MÉDICOS SIN FRONTERAS

Tras más de medio siglo de conflicto armado en Colombia, la violencia está lejos de desaparecer  y el coste social hasta el momento es alarmante. Millones de personas han tenido que desplazarse de sus hogares y tierras, decenas de miles han desaparecido y centenares de miles de familiares siguen esperándolos.

© Marta Soszynska/MSF

Durante todos estos años, la violencia no ha cesado, sino que se ha adaptado. Razones ideológicas, políticas y/o religiosas han sido el motivo de aberraciones contrarias a la vida y de la erosión de los derechos humanos más básicos. Pero sobre todo, el principal motor de esta desmesurada violencia ha sido el interés económico. Cantidad de niños, jóvenes y adultos han sido reclutados a la fuerza o empujados a un estilo de vida criminal ante la falta de oportunidades.

Como explica Juan Matías Gil, coordinador de MSF en Colombia, “el número de torturados y asesinados es incalculable, al igual que la cifra de comunidades amenazadas y de personas extorsionadas”.

En el país tienen lugar desde enfrentamientos directos, bombardeos, atentados y masacres, hasta la intensificación de las amenazas y extorsiones, hostigamientos, bloqueos y restricciones de movimientos y asesinatos selectivos de líderes sociales y comunitarios. Los responsables de estas masacres han sido múltiples, desde grupos guerrilleros, paramilitares y fuerzas de seguridad del Estado a grupos criminales constituidos tras las desmovilizaciones.
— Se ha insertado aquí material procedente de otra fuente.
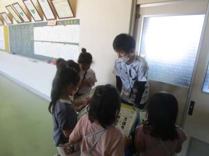 【1年生】せんせいとなかよし2 公開日 2022/06/02 更新日 2022/06/02 1年生 「先生の名前シールたくさん集めたよ!」と、たくさんの子供たちが嬉しそうに報告してくれました。 友達と誘い合ったり、学校中を歩いてみたりしながら、先生との出会いを楽しんでいました。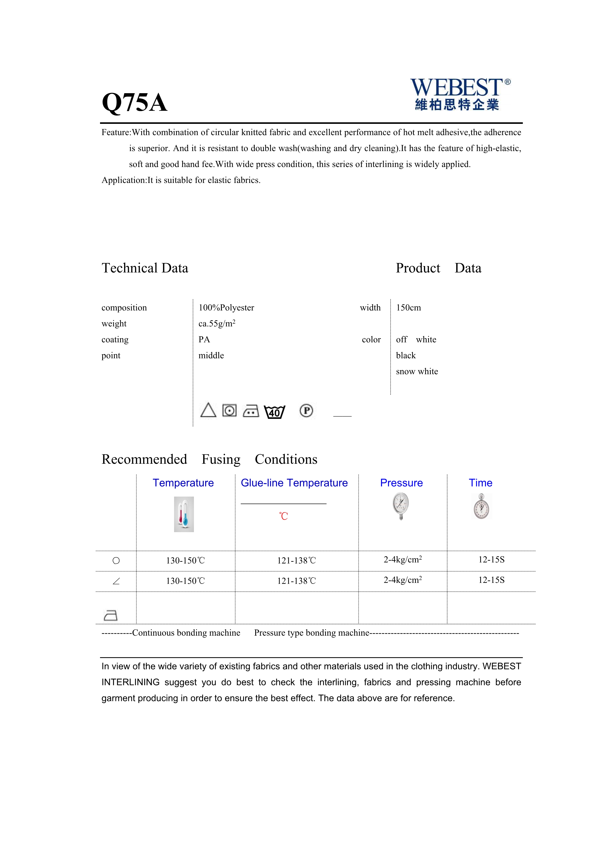 | W75A | 55 | 100%PES | —— | 150 | snow white black,off white | |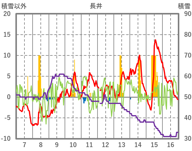 | 日 | 時 | 気温 | 降水 | 風向/風速 | 日照 | 積雪 | 降雪 |
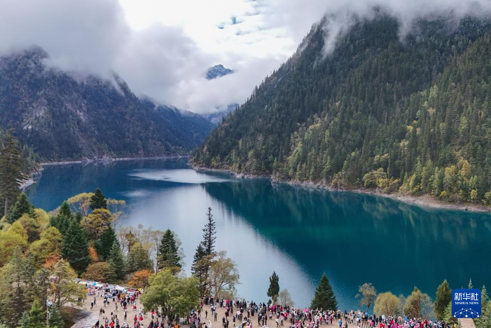 10月10日,游客在九寨溝景區(qū)長海游覽觀光(無人機照片)。新華社記者 王曦 攝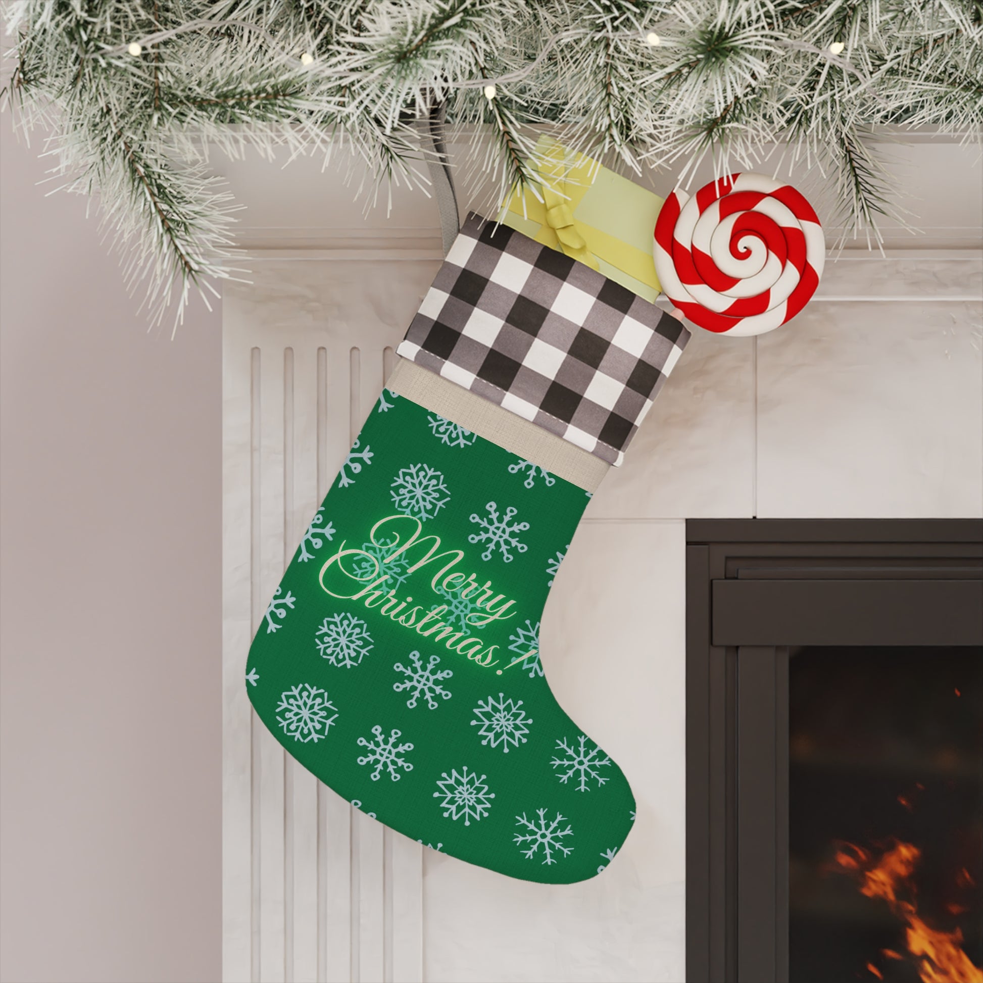 Take the favorite tradition of gift-giving this Christmas to the next level with these Christmas stockings. This burlap Christmas stocking adds a personalized touch to any tree, fireplace, or stair railing. Let this personalized burlap Christmas stocking be filled with candy, treats and small gifts.
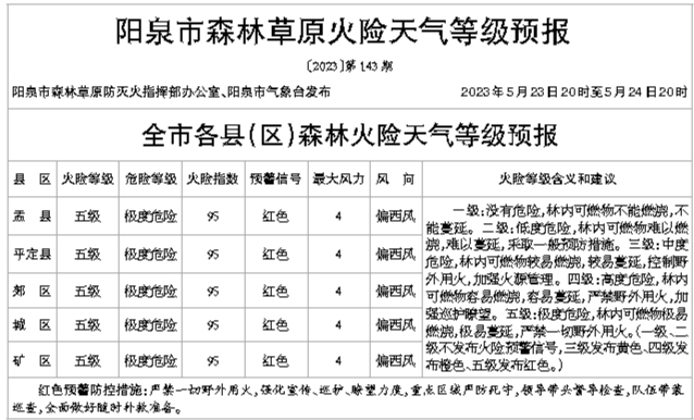 阳泉市森林草原火险天气等级预报〔2023〕第143期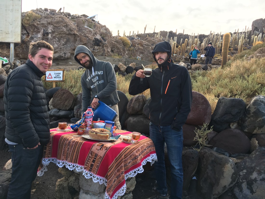 Vers 7h nous revenons au 4×4 où Mabel a préparé le petit-déjeuner, il fait très froid, nous nous réchauffons à coup de café et thé, jusqu’à ce que le guide nous précise que nous n’aurons pas de possibilité de toilettes dans les 3 prochaines heures.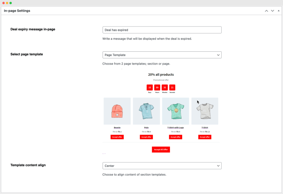 You can choose from 2 different templates to show deals on your store. For each template, you can choose to customize the alignment as per your theme layout.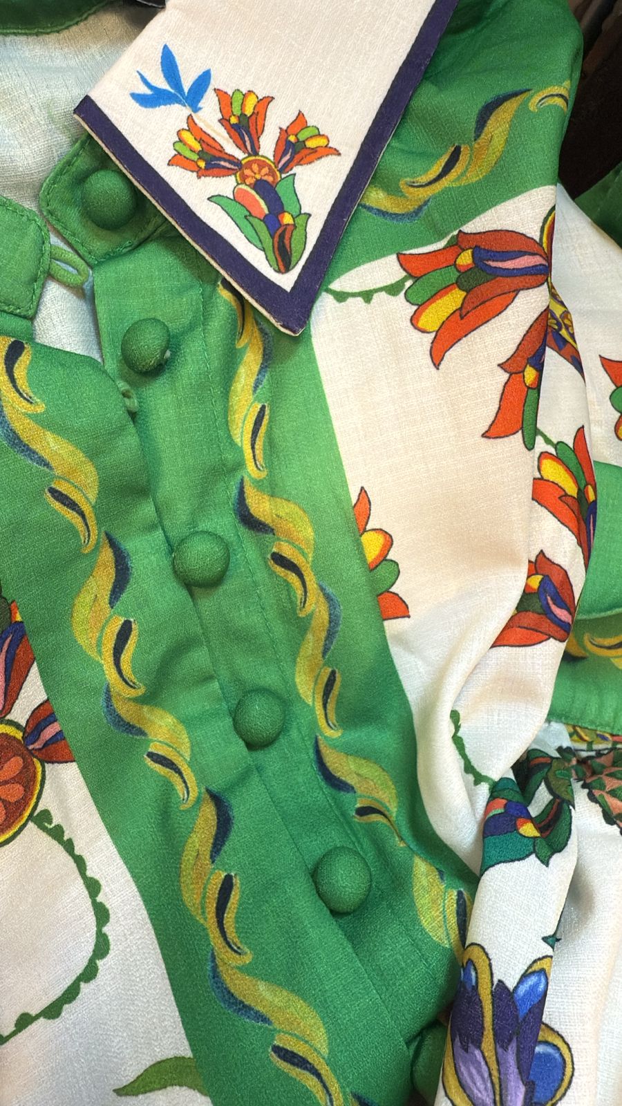 • Details: Contrasting green trims on placket, cuffs, and hemline

Sin embargo, algo que no ha cambiado, es “la constante generación de víctimas”, lamenta Gil.

 

Víctimas por partida doble

Existen diversos tipos de víctimas fruto de estas situaciones de violencia crónica y también cambiante. Y estas se encuentran tanto en las mismas zonas de conflicto como en las grandes concentraciones urbanas.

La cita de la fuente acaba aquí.